UPDATE after you added more detail in the question (thanks).

  1. A bookmark-list display state arrived at with incremental pattern matching (e.g. P T), as opposed to, say using a filtering command (I gave an example of that, above), was not captured in a bookmark-list bookmark. I fixed that (i.e., implemented that missing feature) yesterday, having guessed that that's maybe what you tried. (Had you happened to download yesterday's bookmark+-bmu.el that would have been fixed.)

  2. As the doc says, markings are not captured by bookmark-list bookmarks. They are also not captured by the commands you create using C-c C-c (command bmkp-bmenu-define-command) -- that captures only the current sort order, filter, and omit list.

  3. As the doc also says, markings are captured by the much heavier-weight C-c C-S-c (aka C-c C-C, command bmkp-bmenu-define-full-snapshot-command). That captures pretty much everything, at the cost of storing a full bookmark list, list of markings, etc.

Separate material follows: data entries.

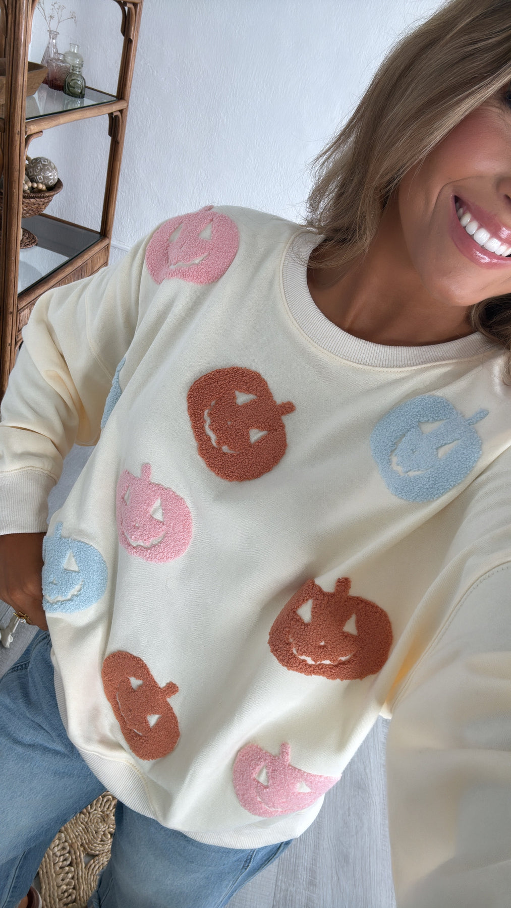 Oversized Pumpkin Embroidered Sweater, Ivory
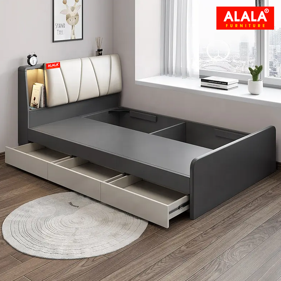 + Giường cao cấp được thiết kế thêm 2 hộc chứa quần áo, đồ dùng cá nhân với kích thươc rộng 1m và sâu 60cm được tích hợp bên dưới giường nên rất gọn gang và tiện dụng.
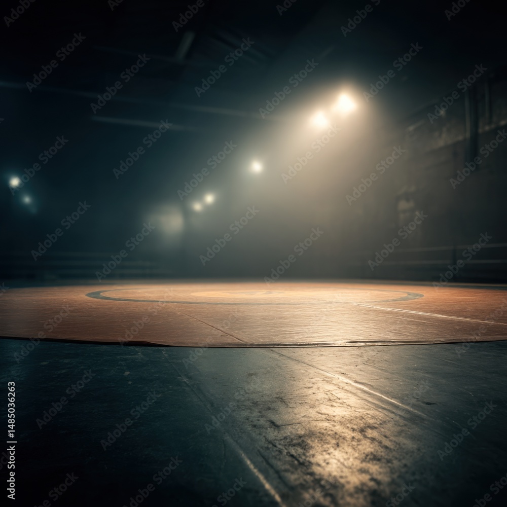 Dramatic low angle view of wrestling mat in dark gym under bright lights showing texture and detail for sports background #1485036263
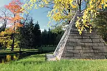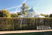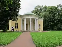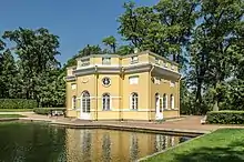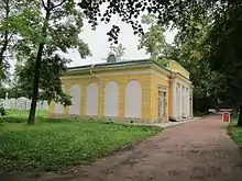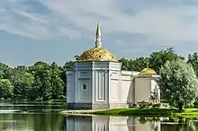 Павильон на острове Большого пруда, построенный в конце 1740-х годов по проекту С. И. Чевакинского и украшенный по эскизам Ф.-Б. Растрелли[16], был перестроен в 1794 году Д. Кваренги, а в 1817—1820 годах отремонтирован В. П. Стасовым. В XVIII веке павильон служил для музыкальных и танцевальных вечеров[17].
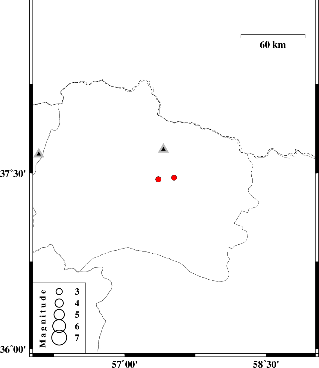 2019/01/27 | 17:50:56.6 | 21:20:56.6 | 37.448 | 57.357 | 14 | ML:2.7 | Khorasan(north) Province, 3 km of Bojnurd |
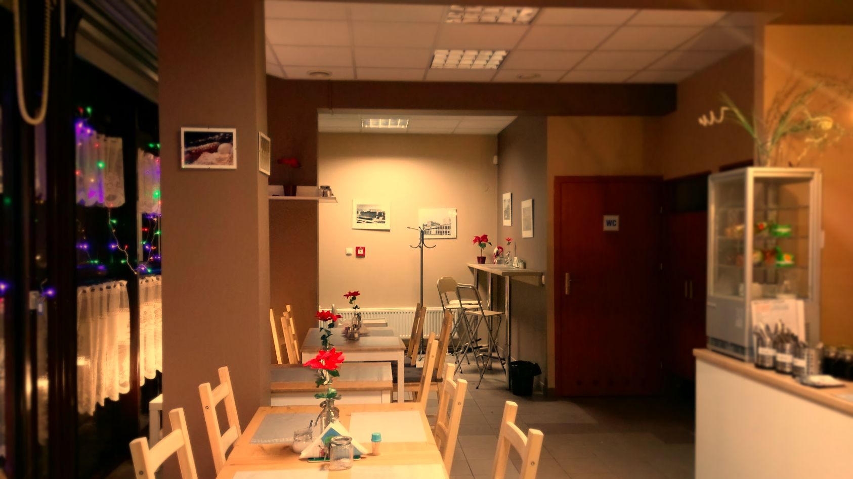 Po wejściu do środka jest jeszcze lepiej. Wnętrze Słoika jest ciepłe i przytulne. Zasłonki na oknach, małe lampiony wewnątrz, tu i tam kwiaty lub małe nowohuckie fotografie. Lubimy to. Jest jeszcze odrobinę za „sterylnie”, ale myślimy, że to tylko kwestia czasu. Czekamy na pojawienie się większej ilości klimatycznych gadżetów pokroju słoikowych lamp, które wiszą nad barem.

  4. However, there were some bugs in #3 (C-c C-C). I've think I've fixed those today.

Please try the latest bookmark+-bmu.el. And please read up again on the differences between the different ways of capturing and restoring bookmark-list state. Each method has its advantages.


BTW, if you turn off option bmkp-propertize-bookmark-names-flag then the bookmark list you copy and paste somewhere (e.g. here) is much simpler to read and understand. It then has no shared structure that allows for multiple bookmarks with the same name but different behavior/targets. The toggle command for flipping this option value is bmkp-toggle-propertize-bookmark-names. It's also Bookmark+ menu item Toggle > Allowing Identical Bookmark Names.

The ability to have multiple bookmarks with the same name is importantly primarily for autofile bookmarks, whose names are their relative file names: you can have multiple files named foo.el in different directories..

3
  • You're right, I added a more detailed explanation of my problem
    – burek
    Nov 27 '20 at 14:29
  • Works perfectly. Thank you so much!! Also thanks for the tip.
    – burek
    Nov 28 '20 at 11:48
  • Glad it helped. Thanks for the question, which motivated me to take care of the relevant longstanding issues/lacks.